There was still that strange detached tone of voice from her. I had expected tears or anger, not this quietness which unnerved me.
‘I hope that’s all clear, Harriet.’
‘Yes, very clear, thank you.’
‘You’ll think about this.’
‘I’m not going to report him to the police.’
She had said it quietly but firmly.
‘Why do you say that?’
‘He’s such a liar and the woman always gets the blame in these cases. I can’t face it.’
‘Please think about this. There’s a dedicated team at the Met now. Take down the website and check it out.’
I spelled out the links to Sapphire and the Havens but I sensed Harriet was only noting them down because I had asked her to.
‘I can’t talk any more. My father is due home any minute.’

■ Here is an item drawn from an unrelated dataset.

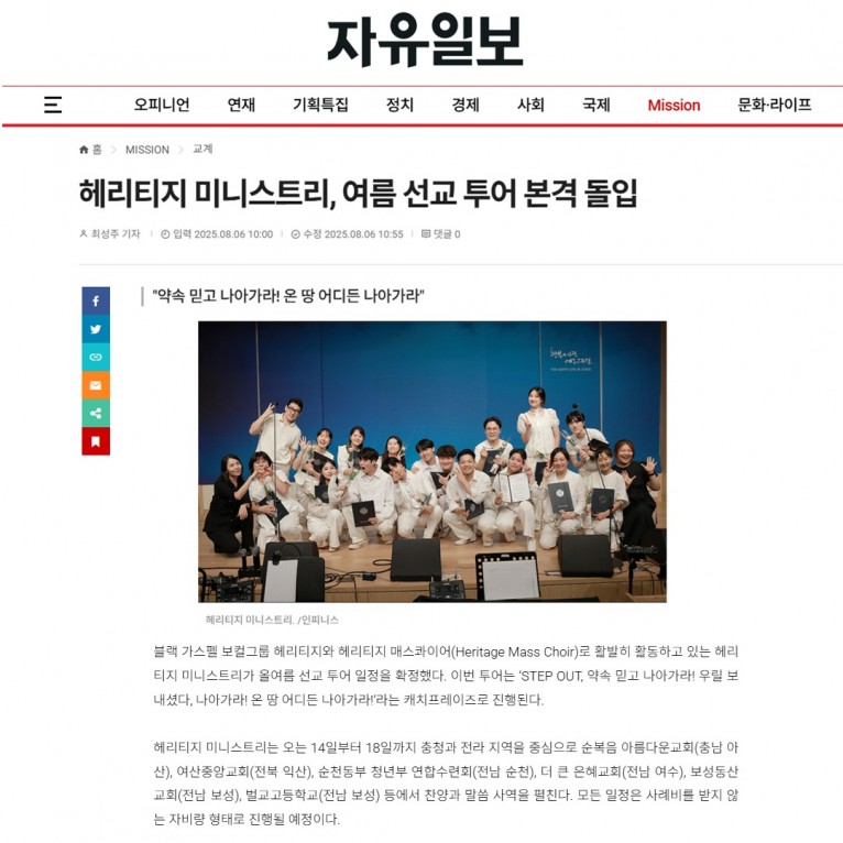 [기사] 헤리티지 미니스트리, 여름 선교 투어 본격 돌입(자유일보)
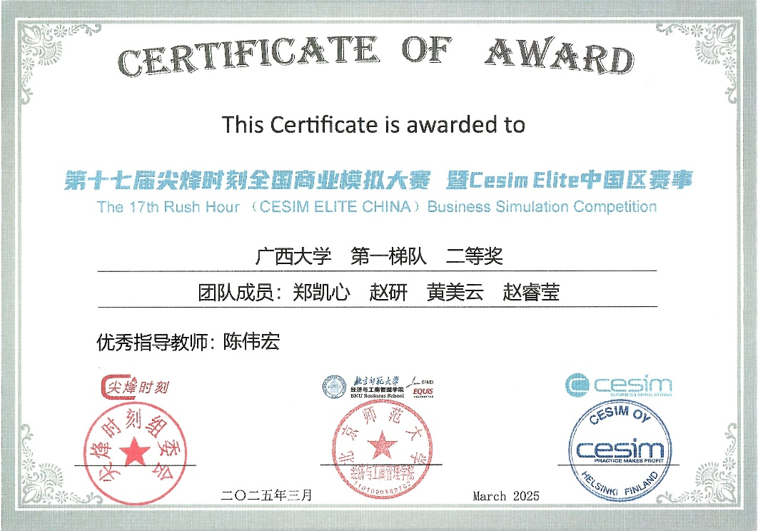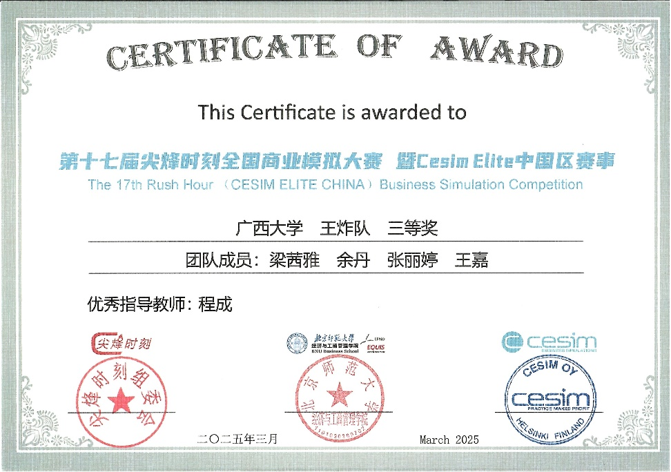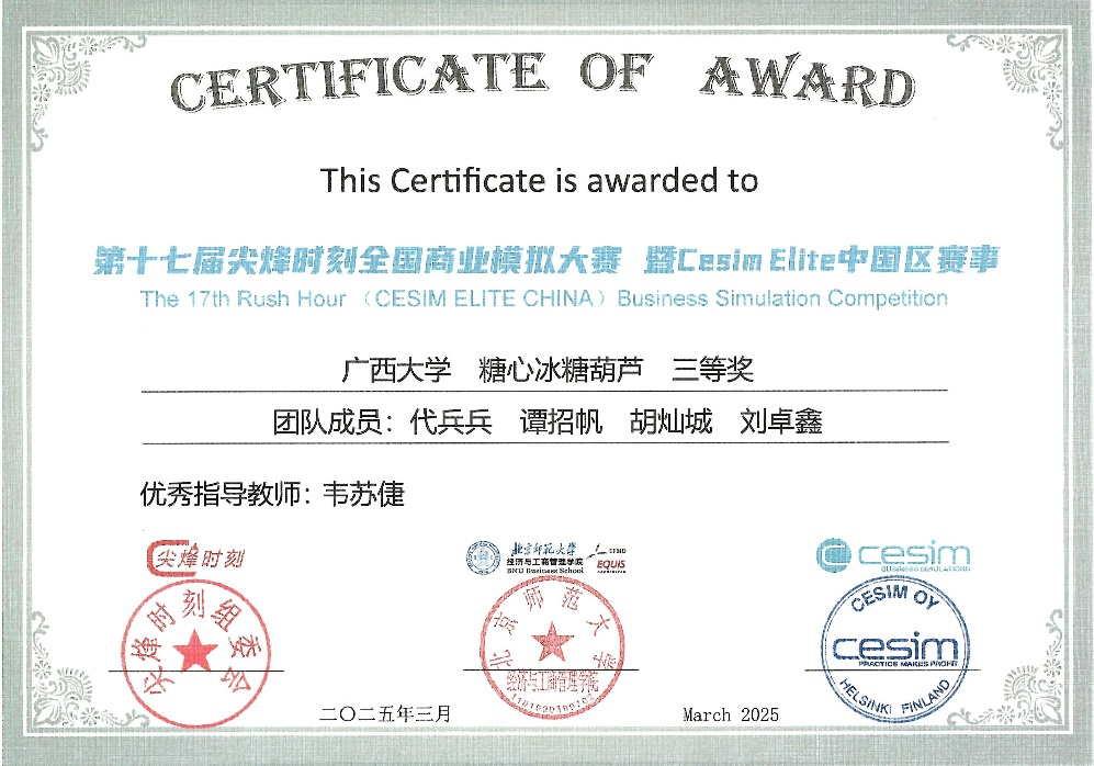 2025年3月28日至30日,第十七届“尖烽时刻”全国商业模拟大赛总决赛暨Cesim Elite中国区赛事在北京师范大学隆重举行。经历初赛、复赛的激烈角逐,我院陈伟宏、张伟豪老师指导的学生团队从170余所高校的2000余支队伍脱颖而出,研究生组“第一梯队”和本科生组“战狼队”成功晋级全国总决赛。最终,我院代表队在本届比赛中斩获全国二等奖2项、全国三等奖3项、优秀指导教师2名。

‘Have you told your parents?’
‘No way. I have to go now.’
‘OK. Take care of yourself and please keep in touch. Feel free to call me at any time at work or at home.’
I gave her my home number again and I could hear a man speaking to her. I assumed it was her father. She clicked off the connection without saying goodbye. The whole conversation had been out of kilter and I wondered if she had taken a tranquilliser or a sleeping tablet.